Subsidence doesn’t always occur when fluids are removed – it depends on how much of a role the pore pressure is playing in supporting the structure of the rock. Compaction is most likely to occur under the following conditions:

  • Thick producing intervals: A thick producing interval will compact more than a thinner one simply because the same percentage reduction in thickness will result in a greater absolute change in thickness.
  • Poorly consolidated producing units: Poorly consolidated producing units will compact more than hard formations because, in softer formations, pore pressure plays a larger role in supporting the overlying rocks.
  • Large changes in reservoir pressure: The bigger the change in reservoir pressure, the higher the probability that compaction will occur.
  • Depth of reservoir: For a given thickness and change in reservoir pressure, a deeper formation will result in a smaller amount of surface subsidence over a larger area. A shallow formation will cause more sever subsidence, but the subsidence will be limited to a smaller area of the surface. Widespread, slight subsidence is likely to cause less damage than sever, localized subsidence, but this depends on what kinds of infrastructure and resources are located at the surface.

These factors can all be evaluated during the formation evaluation stage of production. If severe subsidence is expected, injection of fluids to maintain pore pressure can be made part of the drilling plan.

Measuring subsidence

There are a variety of methods for measuring subsidence. These include traditional surveying, the use of tiltmeters to detect minute changes in the slope of the ground surface, and satellite interferometry, which detects minute changes in surface elevation.

A worker in reflective orange vest holds a surveying and level rod

However, GPS is now the primary mechanism for detecting subsidence. Under ideal conditions, GPS devices can resolve subsidence within an accuracy of +/- 2 millimeters. By monitoring the movement of a benchmark through time, GPS devices can provide detailed data on the shape and size of a subsiding region, as well as the rate of subsidence.

Mitigating subsidence

Once subsidence is detected, there are several options. The first is to do nothing. This would make sense in a remote area encountering a small amount of subsidence. The economic cost of subsidence is small because there’s little human infrastructure to damage beyond the immediate drill site. More intensive subsidence may damage production equipment and should be dealt with. And, in regions of dense human settlement, doing nothing is not likely to be an option.

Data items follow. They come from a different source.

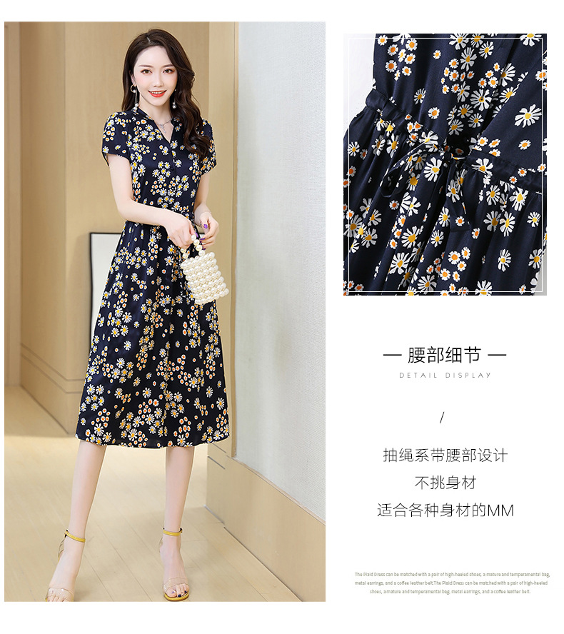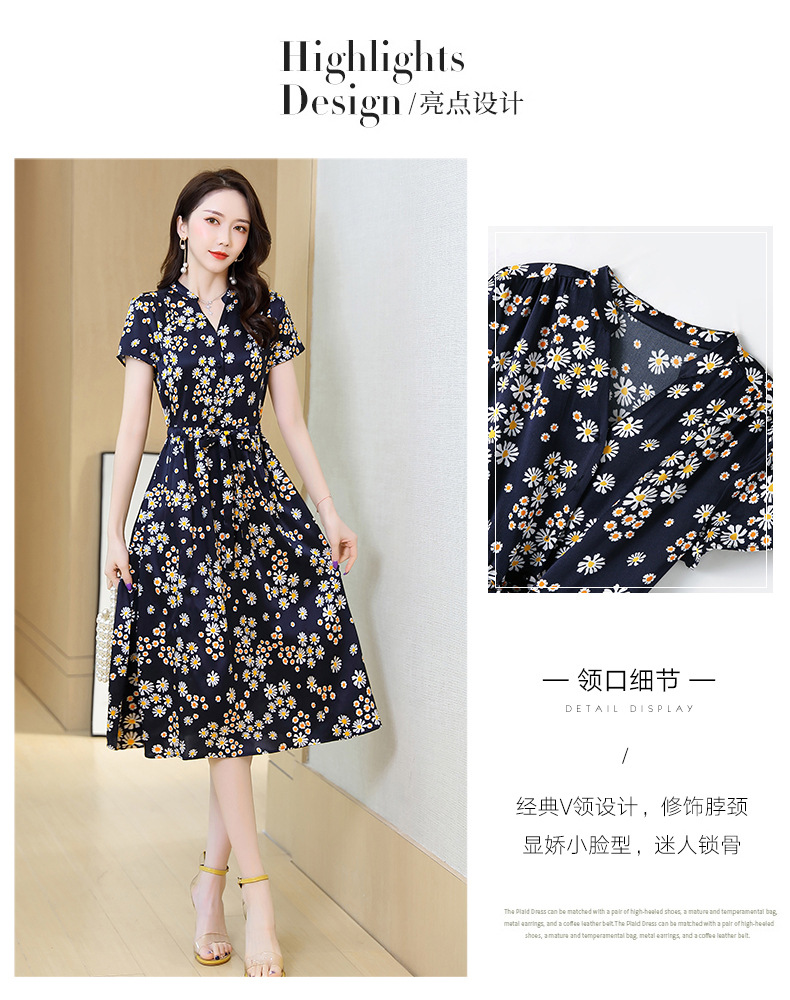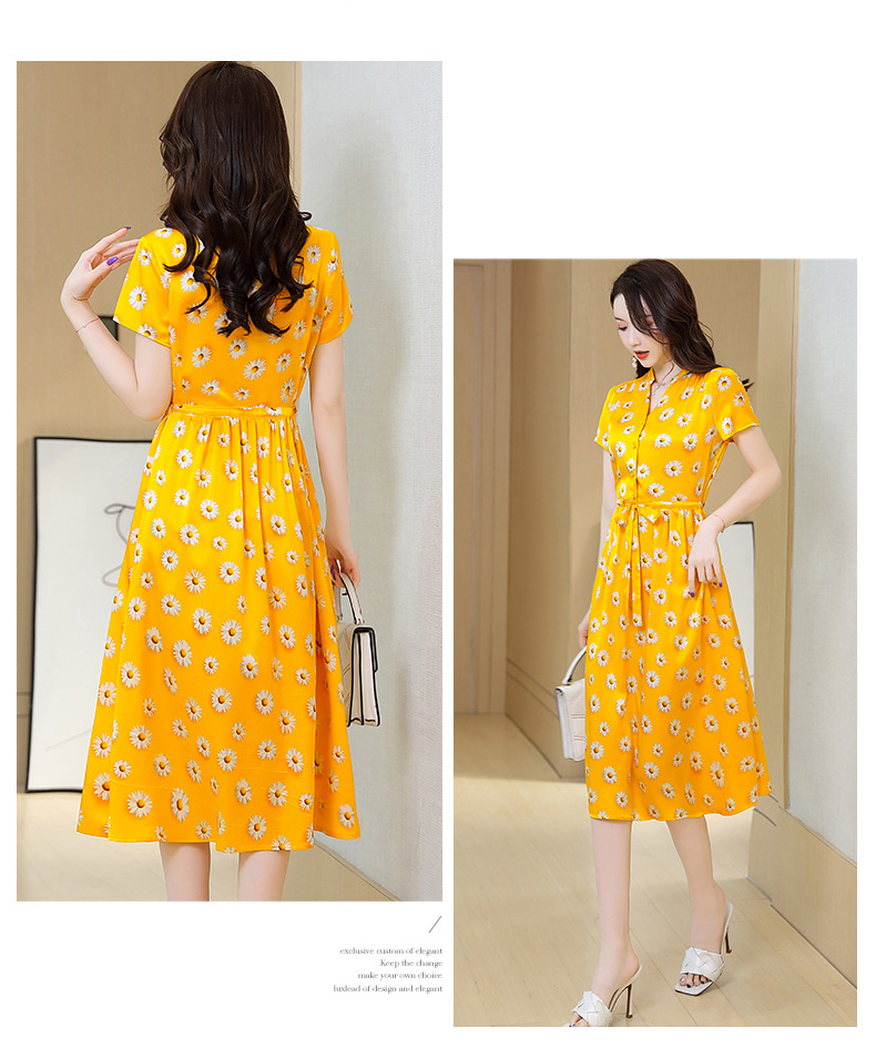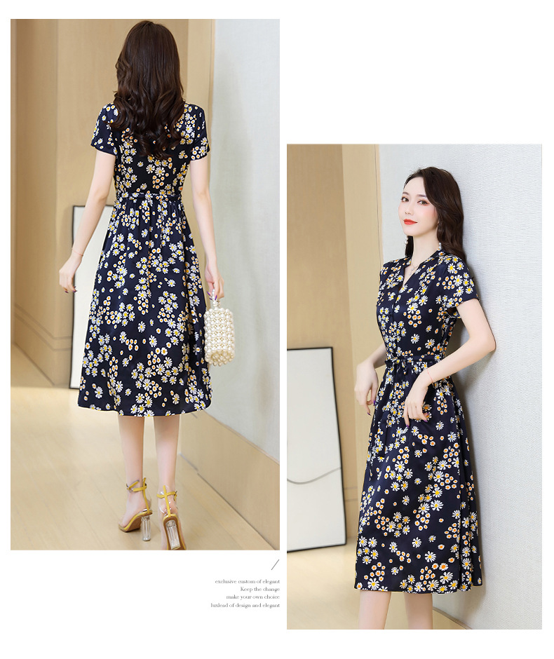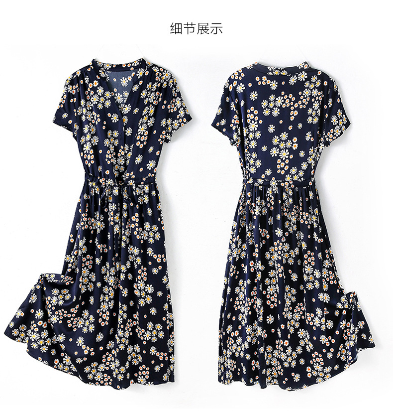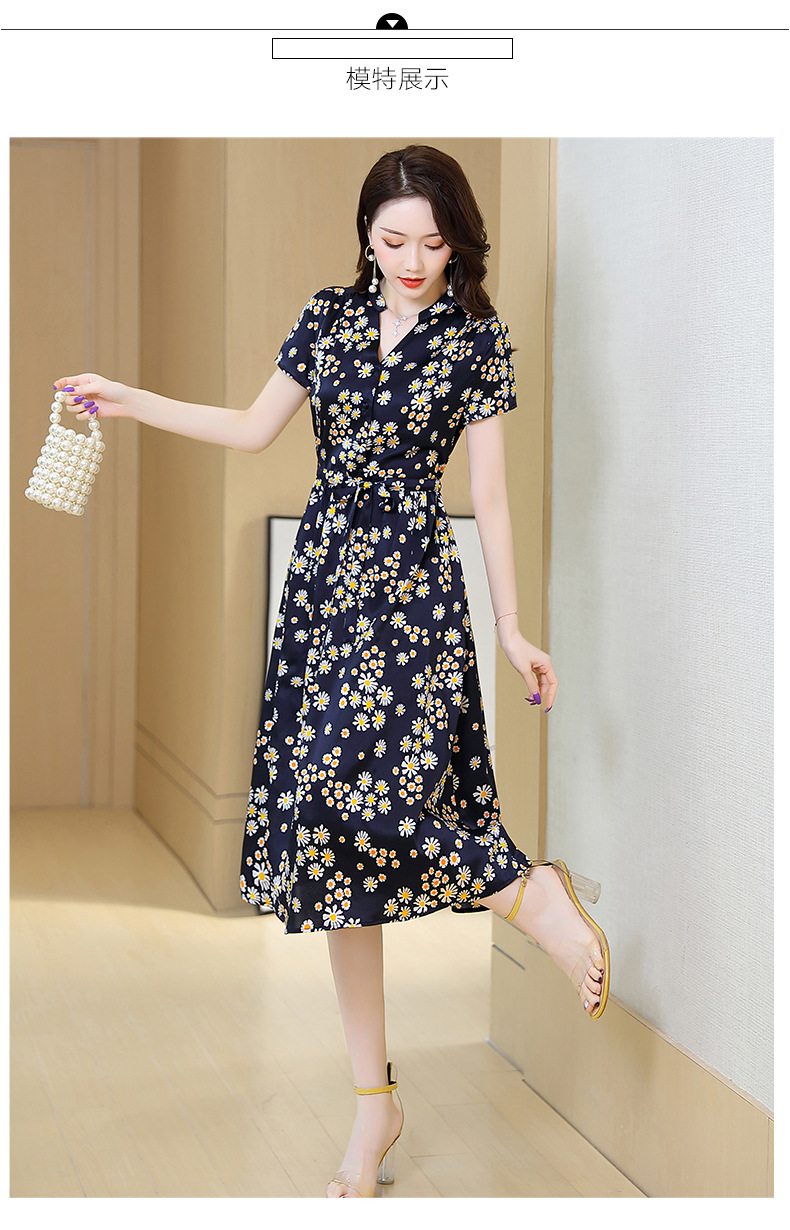 弹力缎真丝连衣裙桑蚕丝夏季年轻款碎花V领修身收腰中长裙子KQ-27281
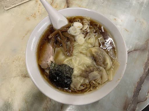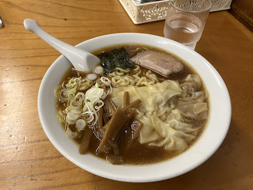 Popped in just at closing time. Apparently this used to be a noodle factory going back to 1910, then in 1950 they opened a ramen shop. The decor has not changed either. I was greeted by a nice elderly lady who recommended the wantanmen (ワンタンメン). It took 3 minutes to get my order. I went for the toppings first and they were excellent. The menma in particular had been marinated in something sweet, perhaps mirin. This complemented the saltyness of the chashu. The wantans were soft, doughy, and addictive. I don't usually like wantans in my ramen, but I'll make an exception for these anytime. The shoyu broth had a sweet note to it as well. I coudnt confirm, but I suspect the noodles were hand made. Additionally I ordered shumai (シューマイ) and they were kindly added for free :) I covered the shumai with ponzu sauce and mustard as per the woman's instructions, and they were deliciously satisfying. This was certainly a unique, old school tokyo style bowl and shop that I will come...
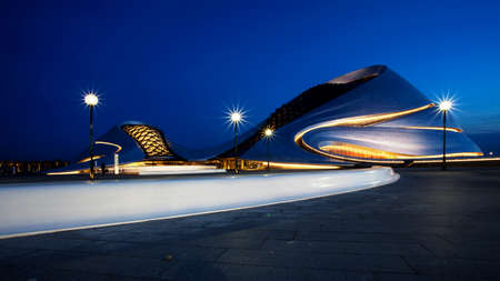 BAKU, AZERBAIJAN - APRIL 28, 2018: The Heydar Aliyev center in Baku. Modern architecture, futuristic white building smooth shapes
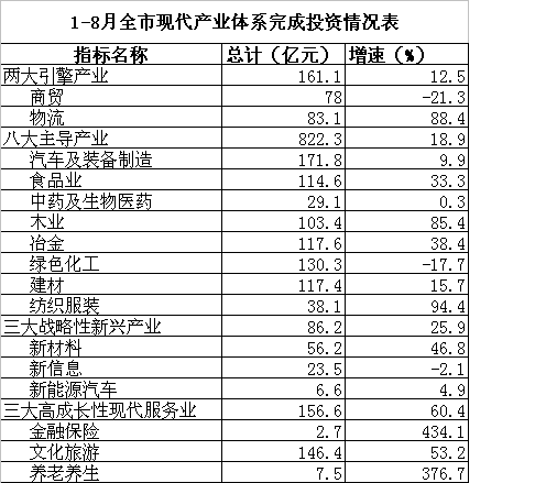 (三)制造业投资持续快增。1-8月份,全市制造业投资完成1024.9亿元,同比增长26.8%,增速同比加快12.3个百分点,占投资总量的比重由去年同期的45.7%提高到51.2%。其中,八大主导产业完成投资822.3亿元,增长18.9%;三大战略性新兴产业完成投资86.2亿元,增长25.9%。
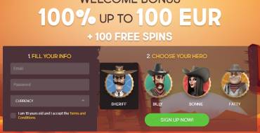 As soon as you enter the website of Gunsbet Casino, you get to Wild West. A courageous sheriff, Billy the accurate shooter, charming Bonny and fat Fatty will be around during the game. It is possible to choose a hero while registration. Characters of westerns are also imaged at different pages of the website and banners.
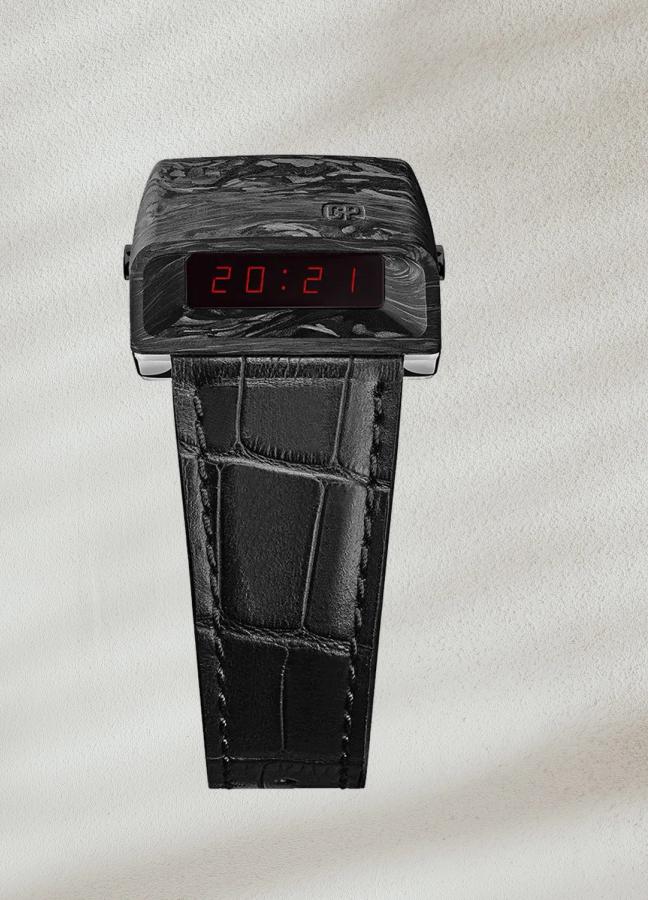 We say: We feel somewhat vindicated — because we’ve said time and again, over the past few months, that seventies style (and the incumbent retro aesthetic) is enjoying a renaissance. This watch is living proof: Girard-Perregaux have put their stamp on a 1976 icon, in a partnership with Bamford Watch Department. With a caseback and push buttons forged from Grade 5 titanium and the entire model appearing in state-of-the-art forged carbon — not to mention the Only Watch engraving, in a salute to the bi-yearly auction — this is a notable event in horology history; a uniquely modern take on a uniquely famous watch.
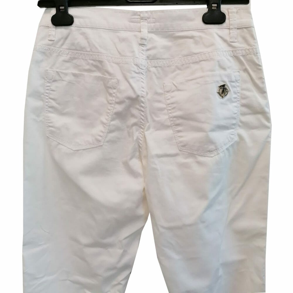 Trussardi Jeans, pantaloni leggeri bianchi, chiusura con zip, modello classico 5 tasche elasticizzato con gamba dritta. Cotone 97% elastan 3%

The most common course of action to reduce or even reverse the rate of subsidence is to inject water into the reservoir through a neighboring well. The water takes the place of the hydrocarbons in the pore spaces, preventing compaction. As an added benefit, the water will help push hydrocarbons to the well. In the Wilmington Oilfield, injection was able to slow, stop, and eventually even slightly reverse subsidence.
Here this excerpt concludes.